13. Thomas Kidd, George Whitefield: America’s Spiritual Founding Father (Yale). What George Marsden did for Jonathan Edwards, Thomas Kidd has done for George Whitefield. The difference is that all the excitement of Whitefield’s ministry is packed into 263 pages! As Kidd sets out to prove: “George Whitefield was the key figure in the first generation of Anglo-American evangelical Christianity. Whitefield and legions of other evangelical pastors and laypeople helped establish a new interdenominational religious movement in the eighteenth century, one committed to the gospel of conversion, the new birth, the work of the Holy Spirit, and the preaching of revival across Europe and America. Until now, we have not had a scholarly biography of Whitefield that places him fully in the dynamic, fractious milieu of the early evangelical movement.” Kidd has set a new benchmark in Whitefield studies.

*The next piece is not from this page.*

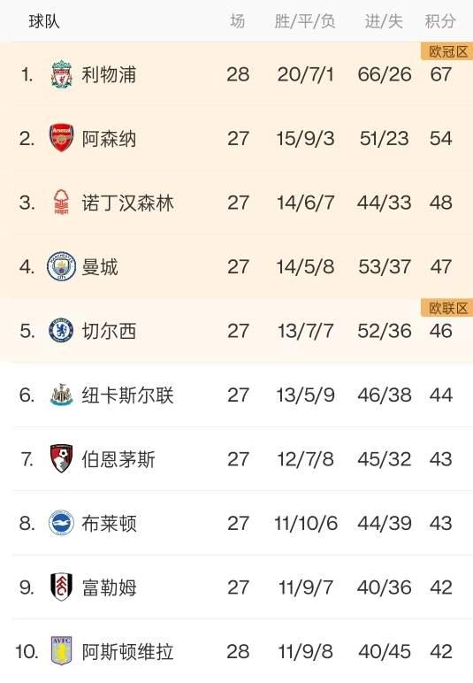 英超积分榜上,利物浦28场67分自成一档,阿森纳27场54分亦然唯独档,不外排行3-10的球队,积分咬得至极紧:
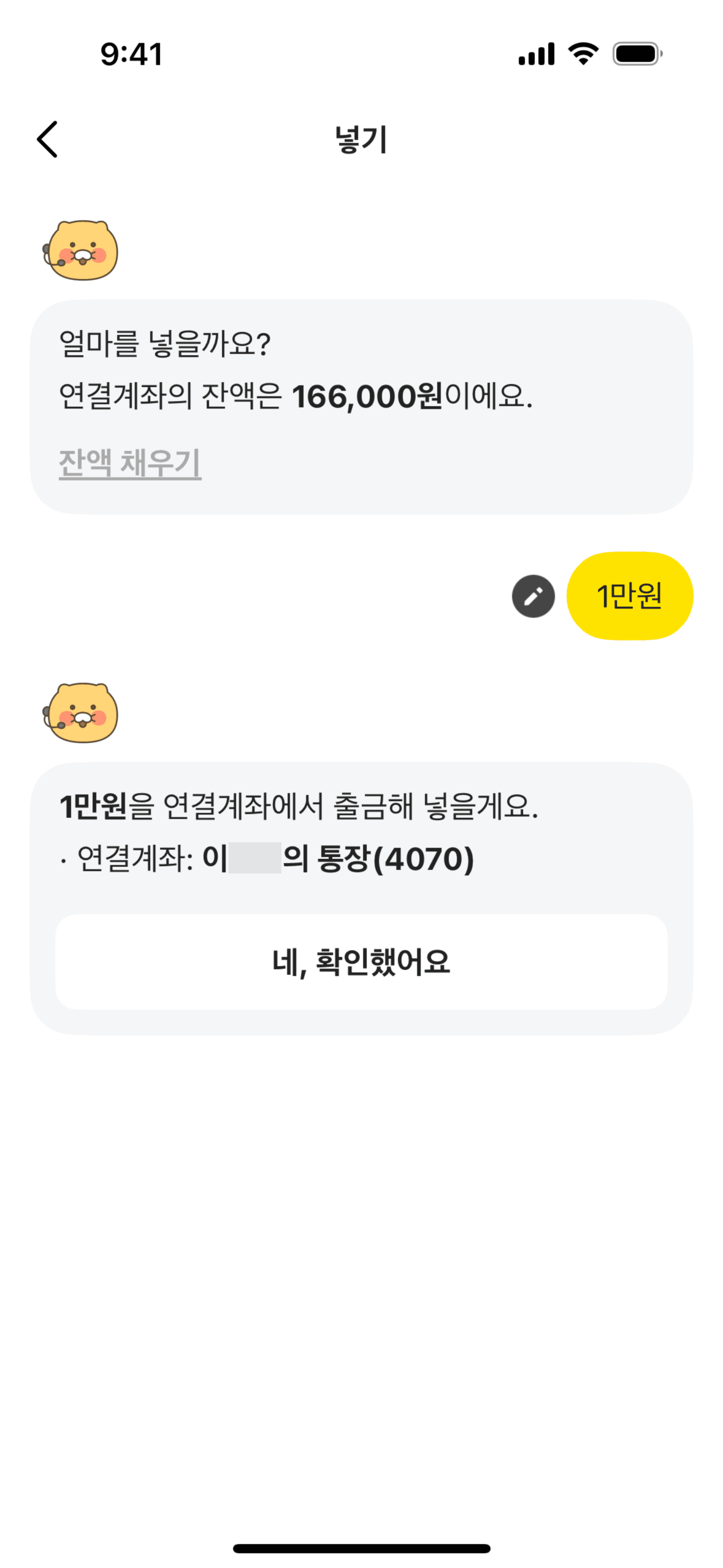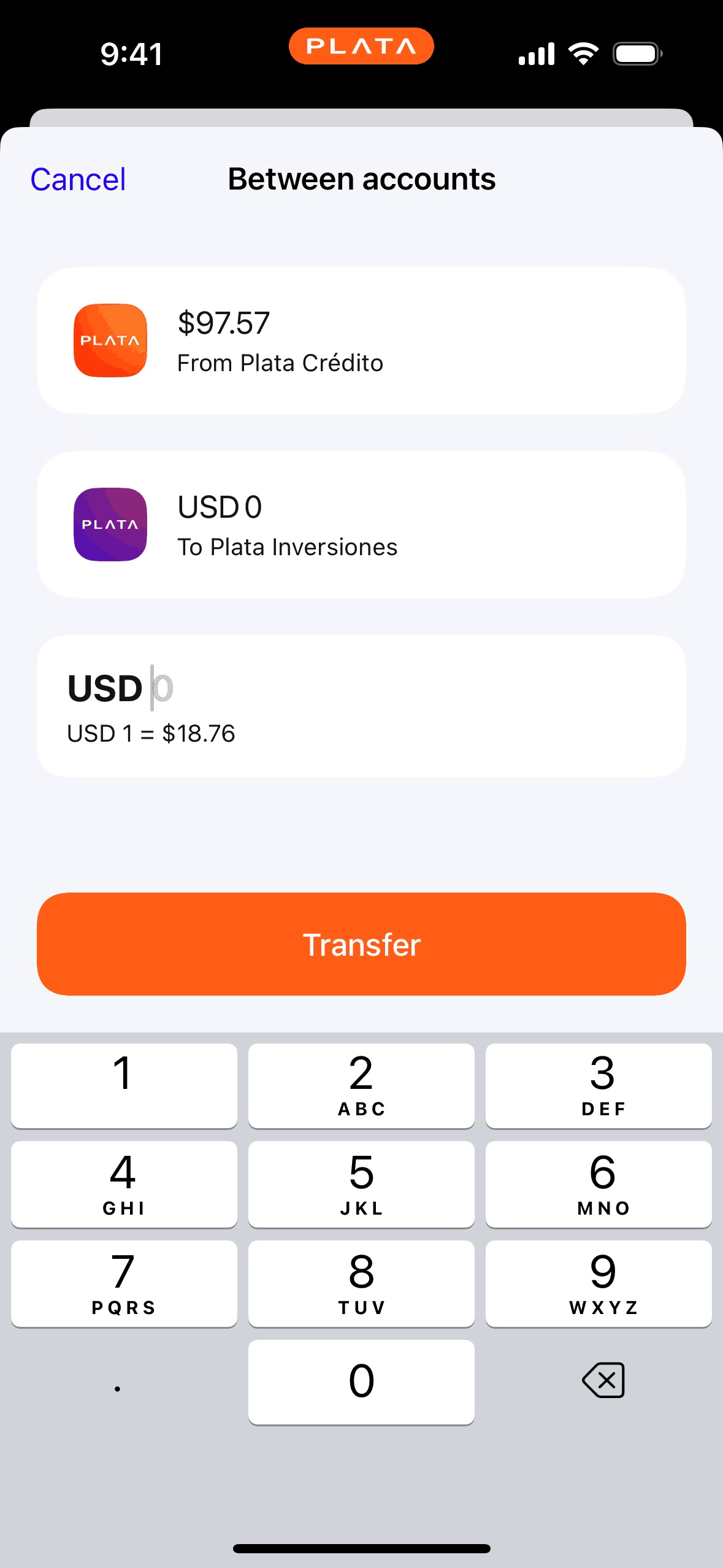 The user initiates and completes a transfer between two accounts. The flow includes amount input and confirmation of the transaction.

14. Daniel Montgomery and Timothy Paul Jones, PROOF: Finding Freedom through the Intoxicating Joy of Irresistible Grace (Zondervan). Sharp and witty, this overview of the heart of Calvinist soteriology is not only solid orthodoxy, it’s also a model for how to communicate ancient theology in a fresh style. If you’re looking for a new book to help you magnify God for his sovereign grace, or to help explain it to your friends, this is a gem worth considering.